State-transition testing is the first technique in this part built for software that remembers. Pull back to altitude and the trade-offs come into focus.

  • Why does it exist? Because a large class of software has memory — the same input means different things depending on history — and stateless techniques like decision tables have no way to express “what happened before.” State-transition testing gives history a model you can test.
  • What problem does it solve? It systematically finds the bugs of stateful systems: forbidden transitions that slip through (double-charge, cancel-after-delivery), unreachable states, and actions fired in the wrong state — none of which a single-snapshot test can reach.
  • What are the trade-offs? You must first build and agree on the state model, which takes effort and can explode combinatorially (states × events, and worse at higher N-switch). In return you get a near-mechanical way to enumerate test cases and, critically, to see the illegal cases you’d otherwise never think to test.

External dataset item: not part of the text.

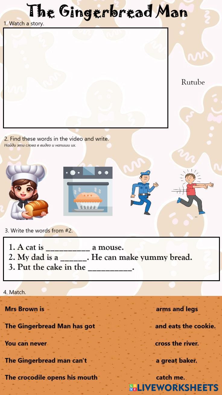 Created byRoyal ESL Listening comprehension Age 6-16 level: elementary English Author's Instructions My Google Classroom Courses × 0 classes selected (0 students total) Quick Access Select all classes (0 classes) All Classes Loading courses... Cancel Share Share to selected Course __COURSE_NAME__ __STUDENT_NAME__ (__STUDENT_EMAIL__) Gingerbread man story Download Worksheet Validation Check my answers Emails my answers to my teacher Full name Group/level School subject Teacher's email or key code Close Submit Validating worksheet... (12) Your answers have been sent to your teacher. Good luck! OK We encountered an error submitting your answers. Please try again. OK Advertisement | Go Ad Free Created byRoyal ESL Listening comprehension Age 6-16 level: elementary English Author's Instructions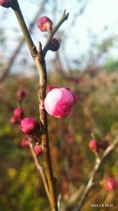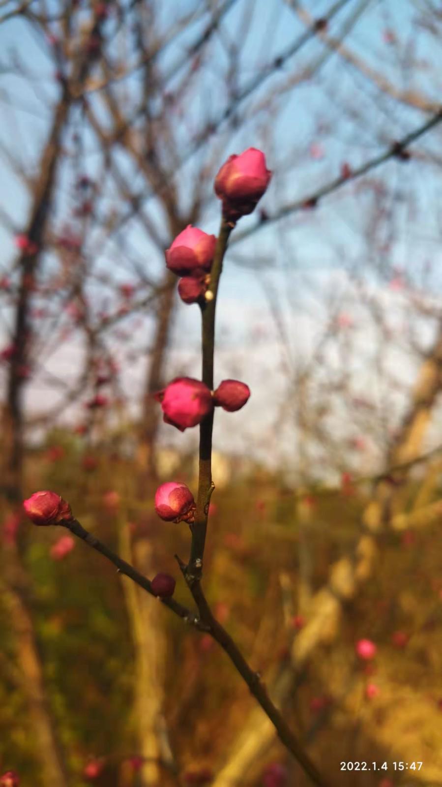 嗨,不虚此行,看到的红梅了。我拿起手机,拍下那朵盛开和正在开放着的粉红色花朵。

  • When should I avoid it? When the system is genuinely stateless — output depends only on current inputs — reach for decision tables instead; modelling states there is wasted ceremony. It also strains when the real state is a huge continuous value (an account balance) rather than a small set of named modes.
  • What breaks if I remove it? Your suite tests only the happy path through a stateful system and ships the guards untested. Illegal transitions fire in production — orders cancel after shipping, PINs never lock, cards charge twice — because nothing ever asked “what does this event do in that state?”
  1. What single property of a system tells you to reach for state-transition testing instead of a decision table?
  2. Name the four ingredients of a state model, and for a transition say which two pieces of output you should assert in a test.
  3. For the order machine (5 states, 4 events), how many table cells are there, how many are valid transitions, and how many illegal transitions must you test for 0-switch coverage?
  4. Explain the difference between 0-switch and 1-switch coverage, and give a concrete bug that only 1-switch (or higher) could catch.
  5. List the three bug families state-transition testing is designed to find, and for each name the modelling or testing step that surfaces it.
Show answers
  1. That the same input produces different behaviour depending on history — i.e. the output depends on what happened before, not only on the current input. That memory is state, and modelling it is what state-transition testing does; a decision table has no way to represent “earlier.”
  2. States, events (inputs), transitions, and actions. On each transition test you should assert both the resulting state and the action/side effect it fired — asserting only the state misses “right state, wrong action” bugs like shipping without charging.
  3. 5 × 4 = 20 cells; 4 are valid transitions (pay, ship, deliver, cancel); the remaining 16 are illegal transitions that 0-switch coverage requires you to test (each must reject the event and stay in its state).
  4. 0-switch exercises every single transition once (one arrow per test); 1-switch exercises every pair of consecutive transitions (two arrows in sequence). A sequence-only bug — e.g. a media player that corrupts its buffer specifically on play → pause → play, though it handles each transition correctly in isolation — is invisible to 0-switch and caught by 1-switch.
  5. Forbidden transitions allowed — surfaced by writing an illegal-transition test for every non-arrow cell (e.g. paid ──pay──► double-charge). Unreachable states — surfaced by drawing the diagram/table and finding a state with no inbound arrow. Actions fired in the wrong state — surfaced by asserting the action, not just the resulting state, on every valid transition.